Validity and Reliability of Automated Essay Scoring

doi:10.4324/9780203122761-11

ABSTRACT

The purpose of this chapter is to develop a plan to support the use of automated essay scoring (AES) systems. Such a plan involves a clarification of the purpose of AES, how it could achieve this purpose, and what evidence exists that it is successful. This plan elaborates and expands upon previous proposals that were concerned with the validity of automated scoring in general (Bennett, 2006; Bennett & Bejar, 1998; Clauser, Kane, & Swanson, 2002; Yang, Buckendahl, Juszkiewicz, & Bhola, 2002) or specifically with automated essay scoring (Keith, 2003). That such a plan is needed is evidenced by the skepticism and criticism that have accompanied AES over the years. For example, in a New York Times column, Scott (1999) remarks cynically that “… it has come to this. The essay, the great literary art form that Montaigne conceived and Virginia Woolf carried on …has sunk to a state where someone thinks it is a bright idea to ask a computer if an essay is any good.” Criticism of AES has been especially harsh within the community of writing professionals (Ericsson & Haswell, 2006).

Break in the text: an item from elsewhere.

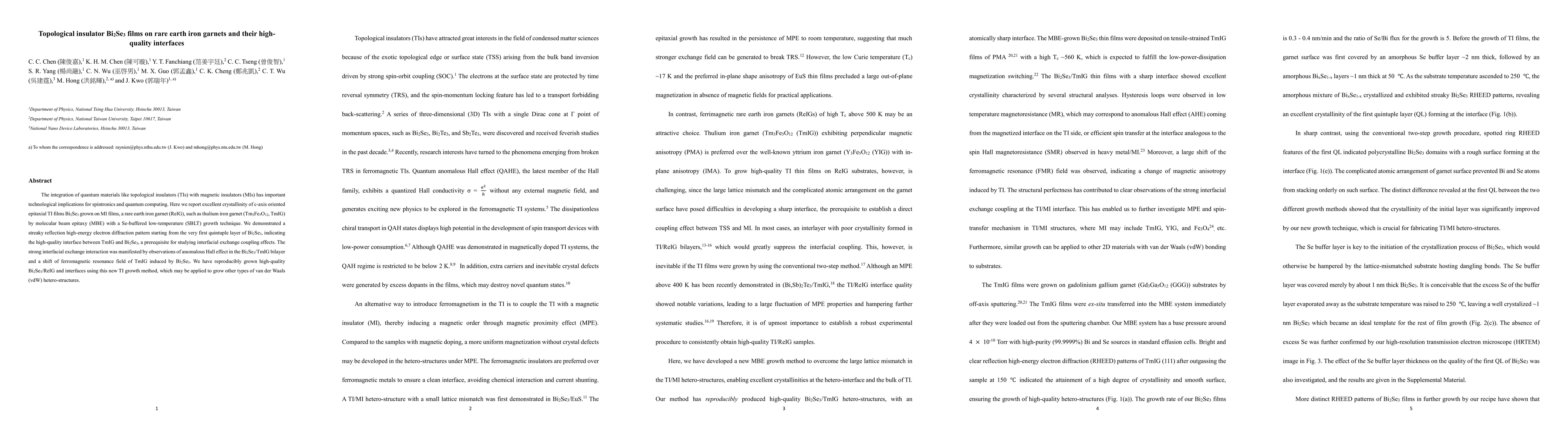 This paper reports the successful growth of high-quality, c-axis oriented epitaxial Bi2Se3 topological insulator films on rare earth iron garnet substrates via a novel molecular beam epitaxy technique, demonstrating excellent crystallinity and a high-quality interface essential for spintronics and quantum computing applications. The study also reveals strong interfacial exchange interactions evidenced by the anomalous Hall effect and shifts in the ferromagnetic resonance field.

A major organization for writing professionals, the Conference on College Composition and Communication (CCCC), summarizes its position on AES (Communication, 2004), with the words: “We oppose the use of machine-scored writing in the assessment of writing.” That this statement has not been revised in the last eight years, in spite of the widespread adoption of AES, suggests that AES developers have not been successful in explaining the intrinsic qualities of AES beyond the obvious logistical benefits of speed and cost.